Wells at the field will cost $60 million to $100 million for the most complex wells, compared to current Prudhoe Bay costs of $6-$8 million per well, he said, and will take 90 to 120 days to drill, compared to a current average of 20 days at Prudhoe Bay.

The flank wells — those targeting the oil rim — can test communication in the reservoir, Haymes said. If those wells are in communication with the more central wells, they can be used for injection and production could be doubled or tripled quickly.

Results from earlier drilling are conflicting, with variation in reservoir size, he said, and drilling won’t tell us much; what is needed is production.

Haymes said some information would come quickly from the work proposed in the 23rd plan of development.

By monitoring reservoir pressure from the flank wells, “within six weeks of production we will know whether we have a small tank (connected reservoir) at Point Thomson or not. And if we have a small tank, we’ve all got a problem.
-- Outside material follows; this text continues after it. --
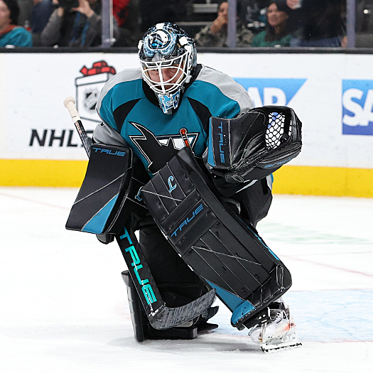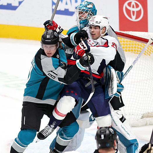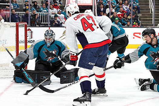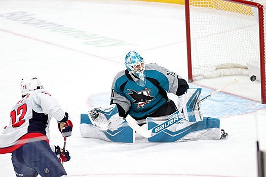 Sharks goalie Yaroslav Askarov blocks a shot from Capitals forward Anthony Beauvillier (72) – Photo by Jack Lima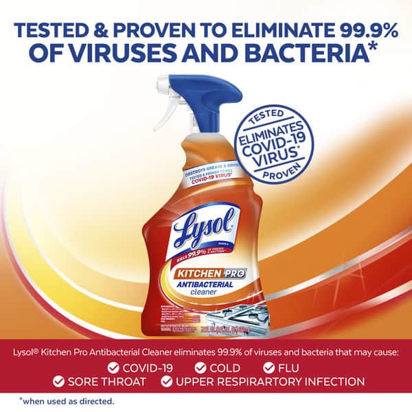 Help protect your family from harmful foodborne illness with Lysol Pro Antibacterial Kitchen Cleaner. Be assured that there are no harsh chemical residues which is ideal for food contact surfaces. The grease fighting power of this effective kitchen cleaner helps to clean up even one of the toughest kitchen messes, while killing 99.9% of viruses & bacteria*. It deodorizers with a fresh citrus scent, ideal for use on countertops, sinks, stovetops, and more to help keep your kitchen healthy and clean. EPA Reg #777-91.

But in six weeks we’ll know that after turning on production,” he said.

Strictly theoretical

Vince LeMieux, Chevron’s manager of Alaska new ventures, told legislators he looked at DNR’s summary of the PetroTel report, and “the work that was done there was strictly theoretical.”

“It’s not that the work is wrong,” he said, but it doesn’t take into consideration economics or factors like location and type of wells, and “reaches a conclusion that is very optimistic, both in the original hydrocarbons that are in place but particularly in the recoverable hydrocarbons.”

What the report doesn’t address, he said is “the practical recoverable reserve that you could get to.”

As for another Alpine at Point Thomson, LeMieux said “incremental recoverable liquids at Point Thomson are substantially less than 500 million barrels,” and if you accelerate Prudhoe Bay gas because Point Thomson has been taken off the table, “you may actually end up with less oil produced on the slope as a result of this.”

There has also been reference to seismic data providing evidence of field continuity, he said. “What you’re really worried about in the continuity of the field is how the rocks are put together — the stratigraphy, the actual detail within the reservoir. And you can’t access that from seismic.

“You can learn more about the structure; you can learn something about the faulting, but you’re not going to — in this case — learn about the stratigraphy, which is absolutely critical to understanding how this field will be developed.”